Streamline cluster up output #13636

csrwng · 2017-04-05T13:28:51Z

Outputs previous messages when either an error occurs during startup or
loglevel > 0.

Now only executes container network test if loglevel > 0 to speed up
startup time.

csrwng · 2017-04-05T13:30:47Z

Output when image present:

Starting OpenShift using openshift/origin:v3.6.0-alpha.0 ...
OpenShift server started.

The server is accessible via web console at:
    https://127.0.0.1:8443

You are logged in as:
    User:     developer

To login as administrator:
    oc login -u system:admin

Output when having to pull image:

Starting OpenShift using openshift/origin:v3.6.0-alpha.0 ...
Pulling image openshift/origin:v3.6.0-alpha.0
Pulled 1/3 layers, 38% complete
Pulled 2/3 layers, 86% complete
Pulled 3/3 layers, 100% complete
Extracting
Image pull complete
OpenShift server started.

The server is accessible via web console at:
    https://127.0.0.1:8443

You are logged in as:
    User:     developer

To login as administrator:
    oc login -u system:admin

Old output is still available with --loglevel=1

csrwng · 2017-04-05T13:31:15Z

@bparees @smarterclayton ptal
@jorgemoralespou fyi

bparees · 2017-04-05T13:53:33Z

lgtm but better let @smarterclayton have the final say since he instigated these changes.

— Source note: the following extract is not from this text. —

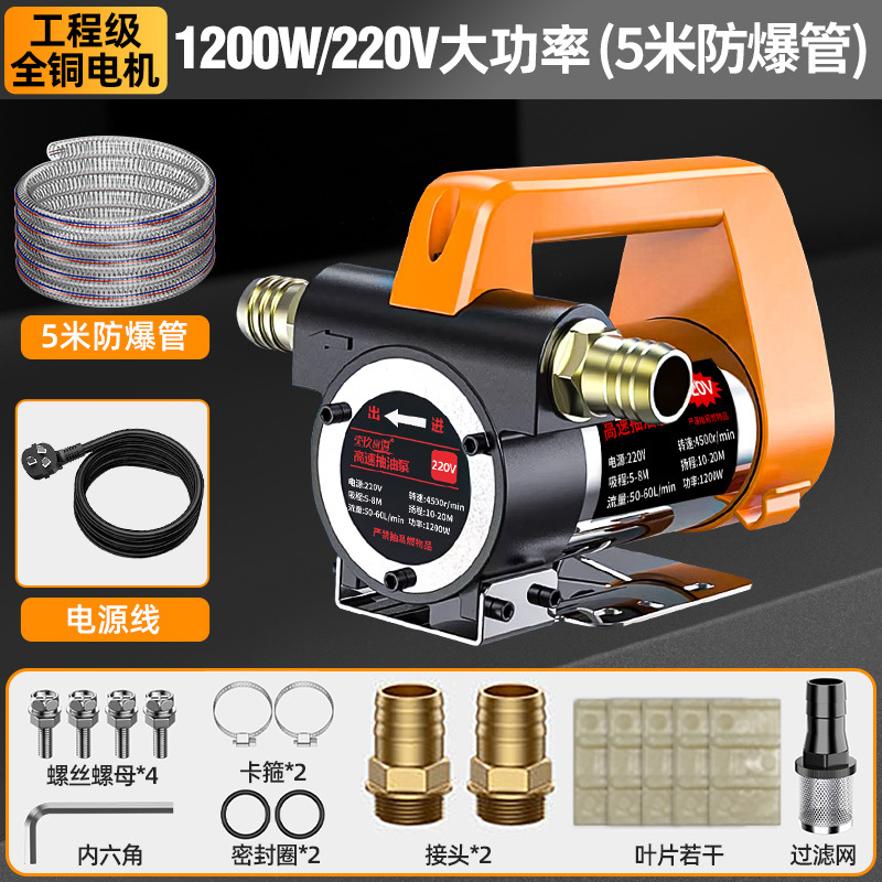 【专业抽油1200W】220V+5米管-大功率

jorgemoralespou · 2017-04-05T13:54:18Z

@csrwng I see a difference between a cluster up with and without pulling images but I don't see a difference from cluster start if you keep config for second boot. In that case showing information on users is superfluous and might not be correct as the user is not really logged in. I would so this info in that case.

Also I would move the layers percentage in the pull to loglevel=1.

csrwng · 2017-04-05T13:56:26Z

@jorgemoralespou the reason the layers percentage is displayed is that if you have a particularly slow connection, you wouldn't see anything happening for a good while and you'd think that the command is just stuck.

Would this be ok for when you're reusing existing config/data?

Starting OpenShift using openshift/origin:v3.6.0-alpha.0 ...
OpenShift server started.

The server is accessible via web console at:
    https://127.0.0.1:8443

jorgemoralespou · 2017-04-05T14:01:27Z

@csrwng yes, it would be great. There was also some input from the cdk tan so adding them here. cc/ @hferentschik @LalatenduMohanty @praveenkumar I can't lookup the issue but you were also interested in this. Please, comment. Regarding the log for layers. Is there a chance that it could be on a oneliner? If not, it's fine. Not really a big issue.

csrwng · 2017-04-05T14:12:56Z

@jorgemoralespou updated the display for when you're reusing config/data.
The progress writer for download is a bigger change... we should tackle it in a different pull.

jorgemoralespou · 2017-04-05T14:48:53Z

@csrwng sounds good.

smarterclayton · 2017-04-05T14:58:36Z

I'd prefer not to get clever on progress writer. If you have to wait, as long as we don't go past 5-6 lines it's not really a problem. Clever is bad.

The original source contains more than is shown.